ASSIGNED TASK:
Leave out the pictures and give back all the entries exactly as written.

------------------------------------------------

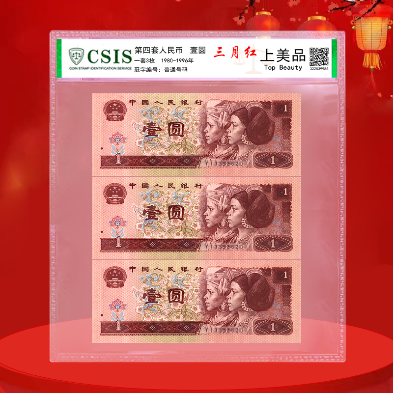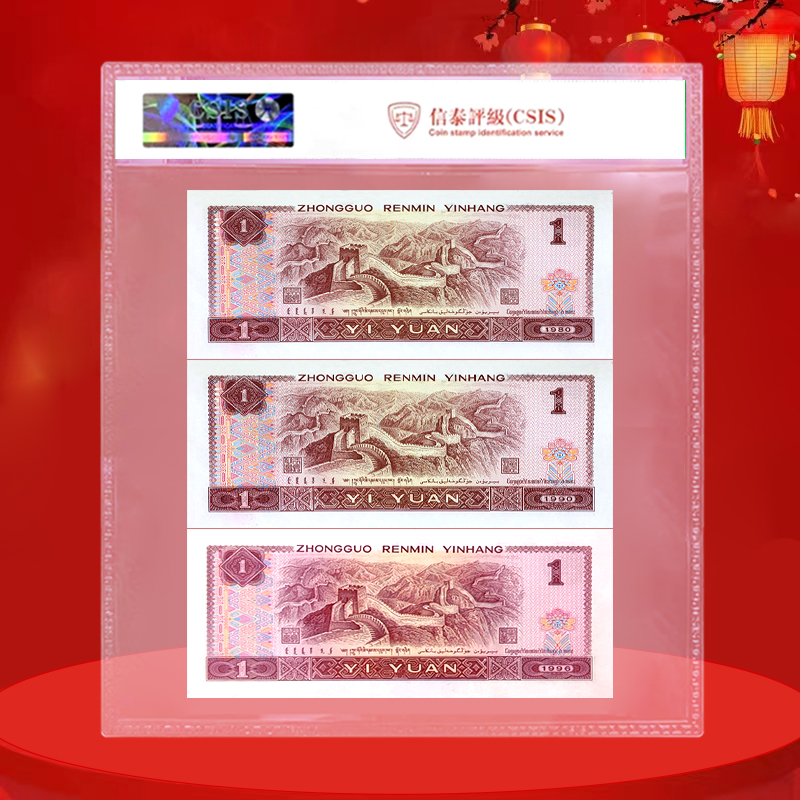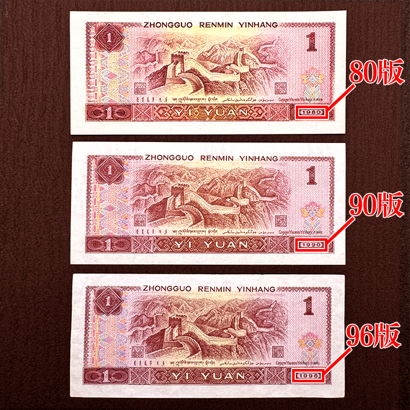 第四套人民币三月红1元 1980版、1990版、1996版三枚套装
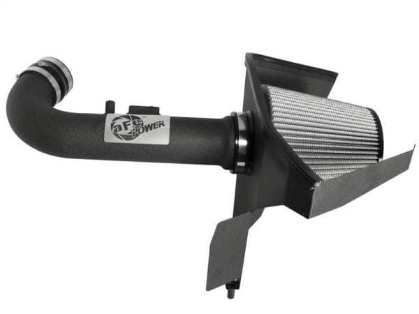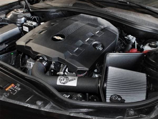 This cold air intake system resulted in 14 horsepower, 20 lbs. x ft. torque max gain and outflowed the factory intake by 21% on the 2012-2014 Chevrolet Camaro V6-3.6L. Included in this cold air intake system, is a 18 gauge powder-coated heat shield and a massive 8" tall, oil-free aFe Power Pro DRY S filter. The air filter uses a unique (patent-pending) flange retention design that allows the filter to be securely mounted to the heat shield without any hardware. A one-piece mandrel-bent wrinkle-black powder-coated intake tube maximizes air velocity providing maximum performance and throttle response. This is a direct bolt-on kit and requires no cutting or drilling on OEM parts.
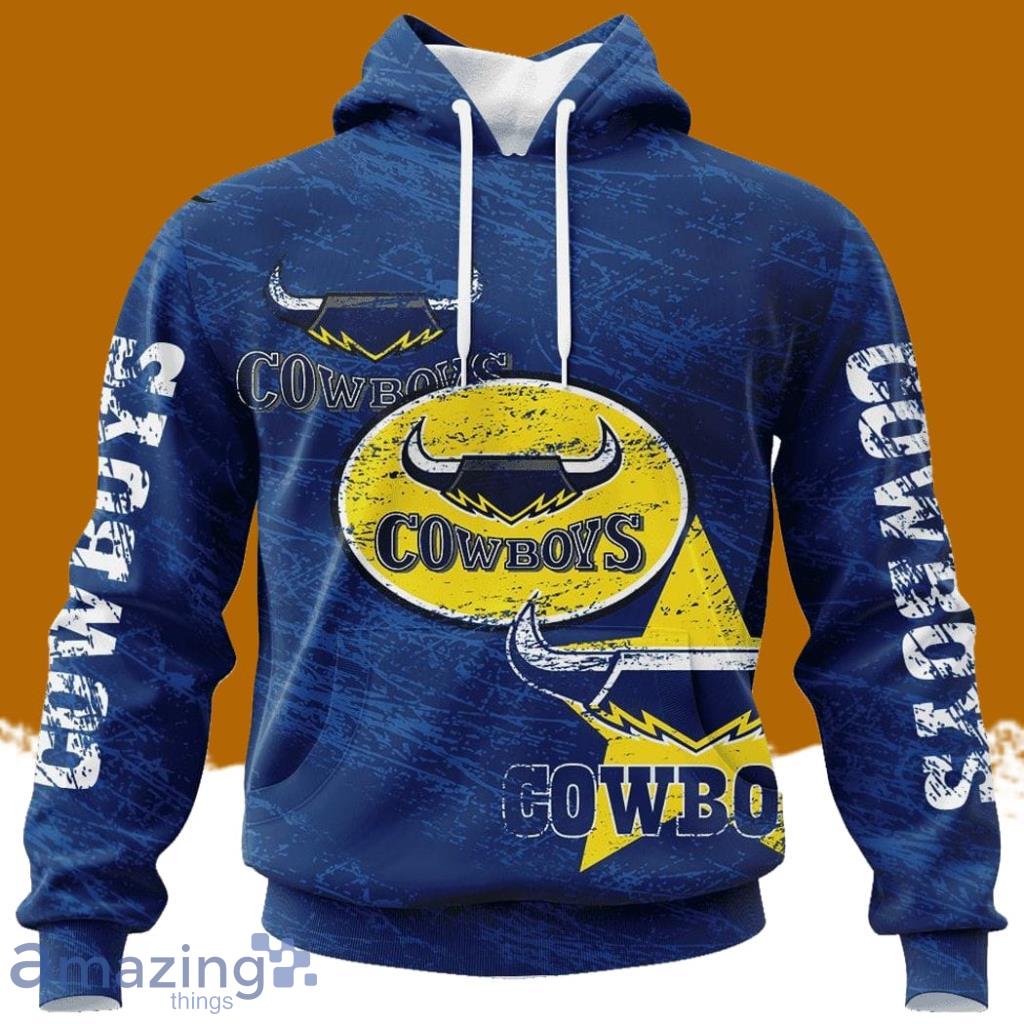Some of the Personalized Nrl North Queensland Cowboys Special Retro Logo Design Hoodie 3D All Over Print Vintage For Big Fans photos
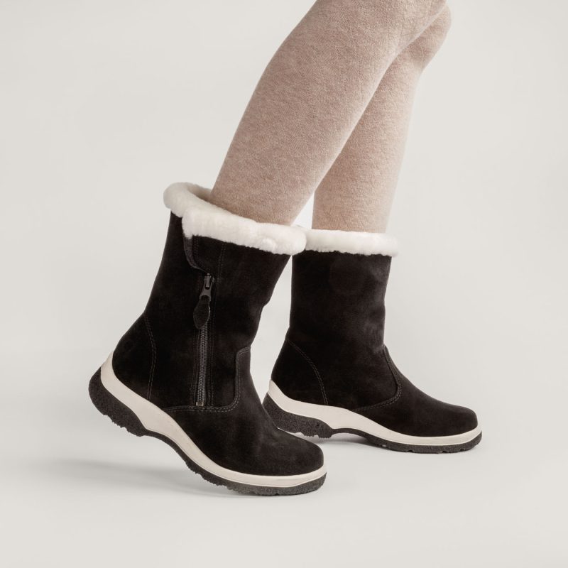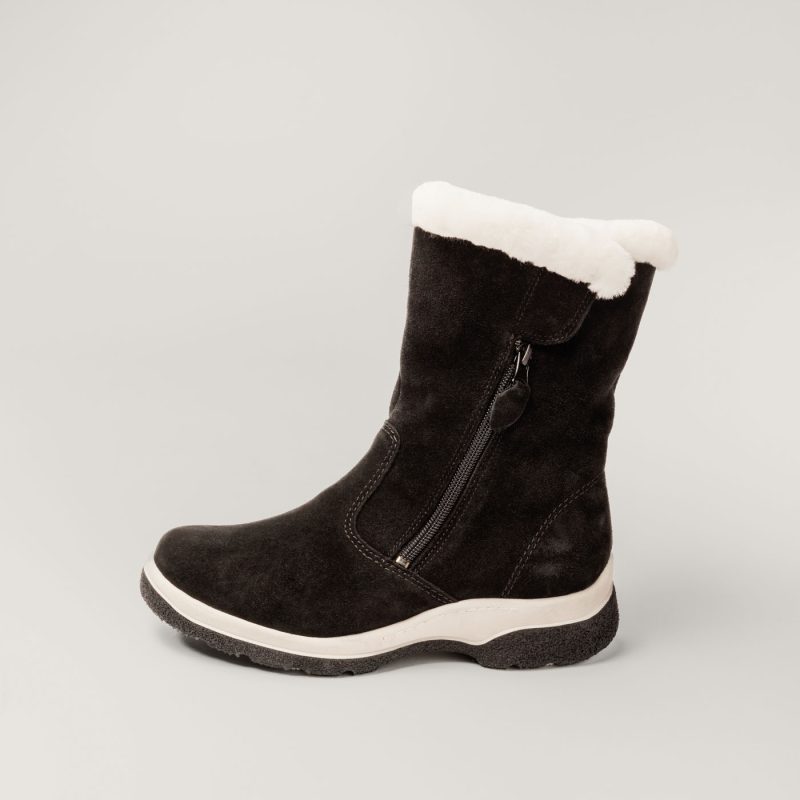 Naisten lämmin talvisaapas pehmeällä turkisvuorella. Tyylikkään yksinkertaistettu saapasmalli, jossa huomion keskipisteeseen nousee ylellinen karvareunus varren yläosassa. Sisäsyrjässä vetoketju- ja tarrakiinnitys. Erittäin pitävä PIQANT GRIP+ -kitkapohja toimii erinomaisesti talvisissa olosuhteissa.
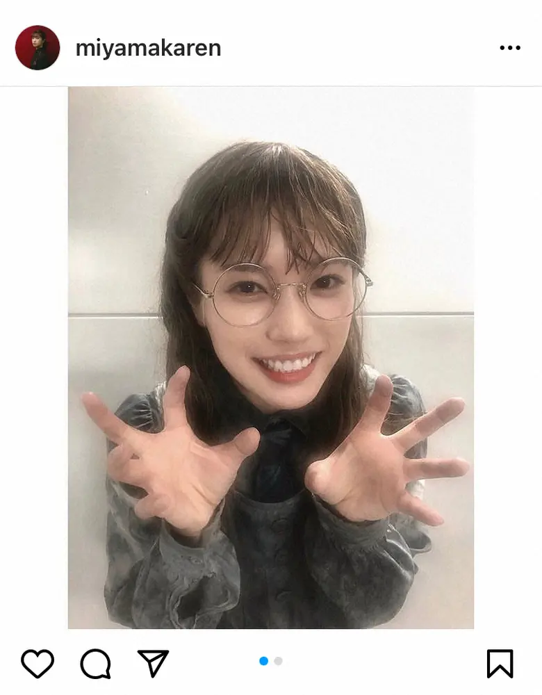 この投稿に、ファンからは「めちゃめちゃかわいいし、めちゃめちゃキレイ」「あいも変わらず美しい」「穏やかなお人柄とお茶目なポーズ!」「眼鏡 眼鏡」などのコメントが寄せられている。

------------------------------------------------

REPLY TO THE EXERCISE:
 第四套人民币三月红1元 1980版、1990版、1996版三枚套装
 This cold air intake system resulted in 14 horsepower, 20 lbs. x ft. torque max gain and outflowed the factory intake by 21% on the 2012-2014 Chevrolet Camaro V6-3.6L. Included in this cold air intake system, is a 18 gauge powder-coated heat shield and a massive 8" tall, oil-free aFe Power Pro DRY S filter. The air filter uses a unique (patent-pending) flange retention design that allows the filter to be securely mounted to the heat shield without any hardware. A one-piece mandrel-bent wrinkle-black powder-coated intake tube maximizes air velocity providing maximum performance and throttle response. This is a direct bolt-on kit and requires no cutting or drilling on OEM parts.
Some of the Personalized Nrl North Queensland Cowboys Special Retro Logo Design Hoodie 3D All Over Print Vintage For Big Fans photos
 Naisten lämmin talvisaapas pehmeällä turkisvuorella. Tyylikkään yksinkertaistettu saapasmalli, jossa huomion keskipisteeseen nousee ylellinen karvareunus varren yläosassa. Sisäsyrjässä vetoketju- ja tarrakiinnitys. Erittäin pitävä PIQANT GRIP+ -kitkapohja toimii erinomaisesti talvisissa olosuhteissa.
 この投稿に、ファンからは「めちゃめちゃかわいいし、めちゃめちゃキレイ」「あいも変わらず美しい」「穏やかなお人柄とお茶目なポーズ!」「眼鏡 眼鏡」などのコメントが寄せられている。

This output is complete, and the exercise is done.